Les entreprises impliquées dans les industries polluantes sont tenues de développer des stratégies quinquennales axées sur l’écoconception et la prévention de la pollution. Ces stratégies doivent prioriser l’utilisation de matériaux recyclés et améliorer la recyclabilité des produits. Tous les cinq ans, ces plans sont réévalués et peuvent être élaborés soit individuellement par chaque producteur, soit en collaboration entre plusieurs d’entre eux. Chaque plan doit évaluer les résultats du plan précédent et définir des objectifs spécifiques et des mesures en matière d’écoconception et de prévention de la pollution. Ces plans seront ensuite présentés à l’organisme éco-responsable compétent et un résumé de ces derniers sera rendu public.

 

Concernant la gestion des déchets de construction, un nouveau système pollueur-payeur a été introduit. Ce système couvre les matériaux de construction destinés tant aux particuliers qu’aux professionnels. Actuellement, 600 sites en France sont dédiés à la collecte de ces déchets, avec pour objectif de créer un réseau dense de sites de collecte. Les déchets issus de la construction ou de la démolition sont acceptés gratuitement, à condition qu’ils soient triés séparément, ce qui permet également de tracer ces déchets.

 

En outre, un système de bonus-malus a été mis en place pour encourager la production de produits plus respectueux de l’environnement.

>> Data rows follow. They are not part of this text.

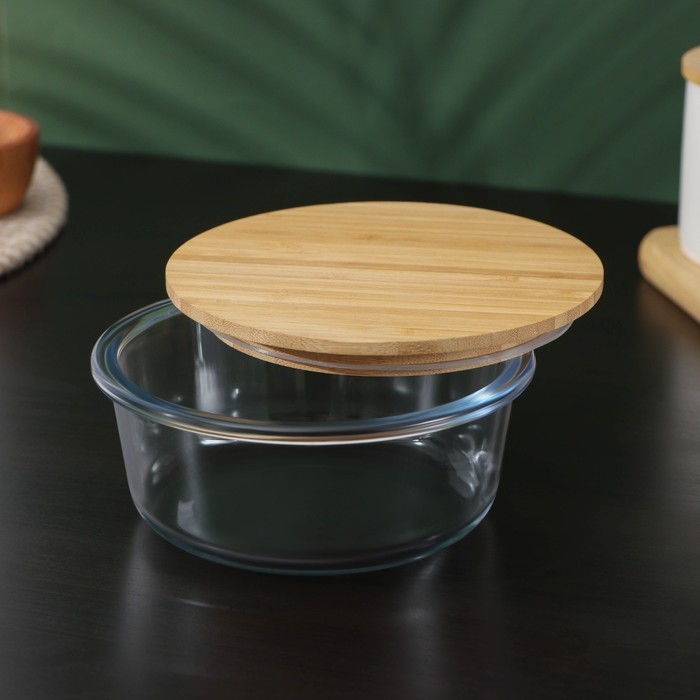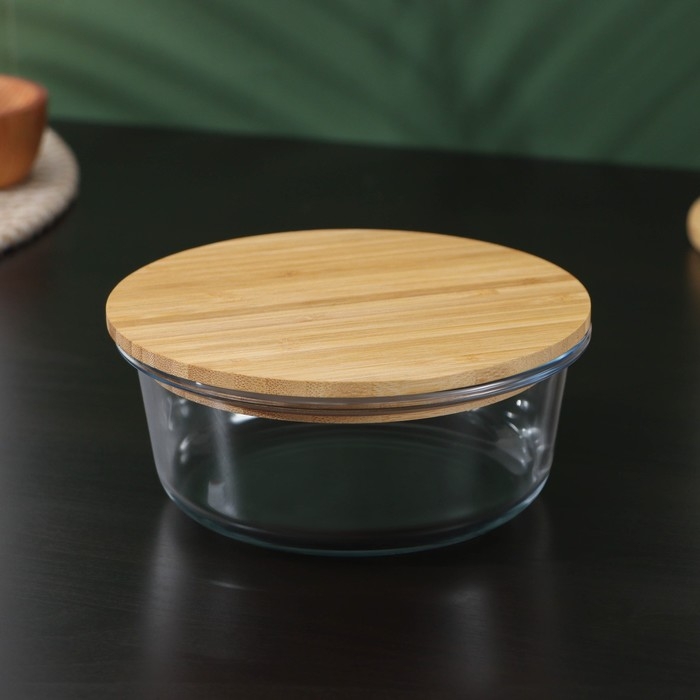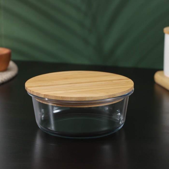 Контейнер для еды из жаропрочного стекла с бамбуковой крышкой BellaTenero «Эко», 620 мл, 15×6,5 см
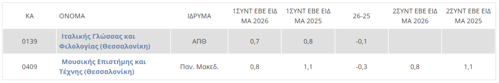 Τα Τμήματα που άλλαξαν συντελεστή ΕΒΕ για τις Πανελλαδικές 2026 βλέπετε στον πίνακα.
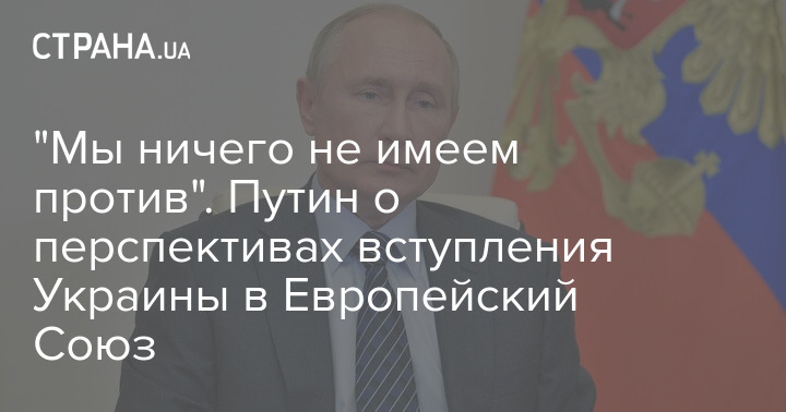 Президент России Владимир Путин прокомментировал возможное вступление Украины в Евросоюз. По словам Путина, Россия "ничего не имеет против" вступления Украины в ЕС, так как он не является военный блоком.
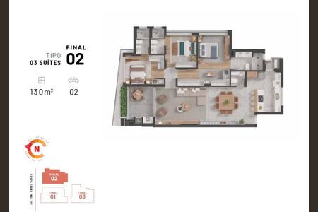 130 m² · 3 quartos · 2 vagas
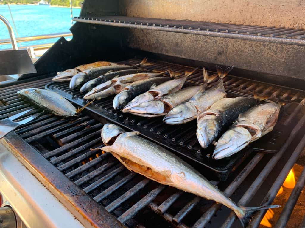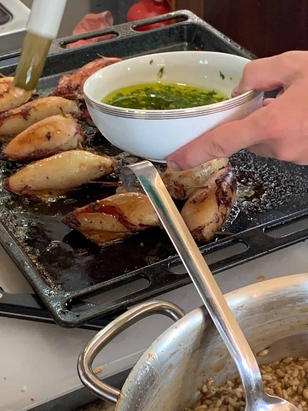 One of the best meals I ate was the night that the waiter caught a huge stash of squid that was stuffed with risotto rice in Korcula! That day, the captain also caught a lot of smaller Mackerel fish. He grilled the fish and the squid by brushing them with marinated olive oil using the same marinade that the chef made for the stuffed squid.

Ce système récompense ou pénalise les producteurs en fonction des caractéristiques écologiques de leurs produits, telles que l’utilisation de matières recyclées, la durabilité, la réparabilité et la recyclabilité. Les produits concernés sont ceux qui relèvent du cadre pollueur-payeur. Les consommateurs auront accès à des informations sur ce système bonus-malus, leur permettant de choisir des produits écologiquement responsables. Ce système est en cours de déploiement pour tous les produits relevant de la responsabilité élargie des producteurs.

 

Par ailleurs, l’écocontribution est un concept visant à intégrer le recyclage dès la conception des produits.

 

Enfin, la loi AGEC met l’accent sur l’intégration de l’économie circulaire dans les achats publics. Avec un budget annuel de plus de 62 milliards d’euros, les achats publics de l’État, des collectivités territoriales et des intercommunalités ont le potentiel de transformer l’économie vers un modèle plus durable. En vertu de cette loi, les acheteurs publics sont désormais tenus d’acquérir un certain pourcentage de produits issus du réemploi, de la réutilisation ou contenant des matériaux recyclés. Cette initiative vise à encourager les modèles de production plus durables, en réduisant les déchets et en préservant les ressources naturelles, la biodiversité et le climat.